Gracana · 2026-01-30T21:58:52 1769810332

That is a very good point and I would love to do it, but I built this machine in a desktop case and the motherboard has seven slots. I did a custom water cooling manifold just to make it work with all the cards.

I'm trying to figure out how to add another card on a riser hanging off a slimsas port, or maybe I could turn the bottom slot into two vertical slots.. the case (fractal meshify 2 xl) has room for a vertical mounted card that wouldn't interfere with the others, but I'd need to make a custom riser with two slots on it to make it work. I dunno, it's possible!

I also have an RTX Pro 6000 Blackwell and an RTX 5000 Ada.. I'd be better off pulling all the A7000s and throwing both of those cards in this machine, but then I wouldn't have anything for my desktop.
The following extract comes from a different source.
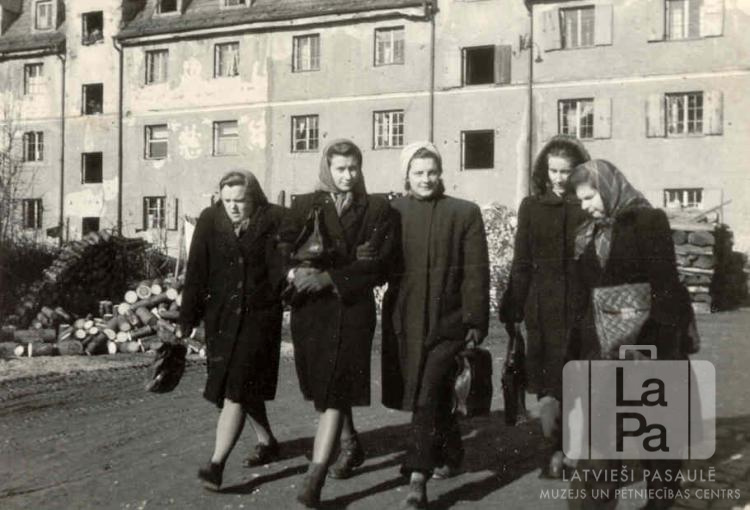 Piecas 3. klases ģimnāzistes dodas uz mācībām Ausekļa ģimnāzijā Hohfeldes nometnē Augsburgā (amerikāņu zonā). Jaunās sievietes ir ģērbušās mēteļos, ar lakatiem galvās; visām rokās ir dokumentu portfeļi. Fonā ir malkas kaudze un trīsstāvu mūra dzīvojamā ēka. No kreisās: Zenta Reineka, trešā Renāte Pavloviča, ceturtā Valda Ērglis (pr. Burvikovs).

Decisions, decisions!

esafak · 2026-01-30T21:01:31 1769806891

The pitiful state of GPUs. $10K for a sloth with no memory.

indigodaddy · 2026-01-31T01:28:10 1769822890

Been using K2.5 Thinking via Nano-GPT subscription and `nanocode run` and it's working quite nicely. No issues with Tool Calling so far.

gigatexal · 2026-01-30T19:25:34 1769801134

Yeah I too am curious. Because Claude code is so good and the ecosystem so just it works that I’m Willing to pay them.

Imustaskforhelp · 2026-01-30T20:22:49 1769804569

I tried kimi k2.5 and first I didn't really like it. I was critical of it but then I started liking it. Also, the model has kind of replaced how I use chatgpt too & I really love kimi 2.5 the most right now (although gemini models come close too)

To be honest, I do feel like kimi k2.5 is the best open source model. It's not the best model itself right now tho but its really price performant and for many use cases might be nice depending on it.

It might not be the completely SOTA that people say but it comes pretty close and its open source and I trust the open source part because I feel like other providers can also run it and just about a lot of other things too (also considering that iirc chatgpt recently slashed some old models)

I really appreciate kimi for still open sourcing their complete SOTA and then releasing some research papers on top of them unlike Qwen which has closed source its complete SOTA.

Thank you Kimi!

epolanski · 2026-01-30T20:05:21 1769803521

You can plug another model in place of Anthropic ones in Claude Code.

zeroxfe · 2026-01-30T20:09:33 1769803773

That tends to work quite poorly because Claude Code does not use standard completions APIs. I tried it with Kimi, using litellm[proxy], and it failed in too many places.

xxr3376 · 2026-01-31T16:12:11 1769875931

You can try Kimi's Anthropic-compatible API.

Just connect Claude Code to Kimi's API endpoint and everything works well

https://www.kimi.com/code/docs/en/more/third-party-agents.ht...

AnonymousPlanet · 2026-01-30T20:59:27 1769806767

It worked very well for me using qwen3 coder behind a litellm. Most other models just fail in weird ways though.

samtheprogram · 2026-01-30T21:07:40 1769807260

opencode is a good alternative that doesnt flake out in this way.

miroljub · 2026-01-30T22:15:27 1769811327

If you don't use Antrophic models there's no reason to use Claude Code at all. Opencode gives so much more choice.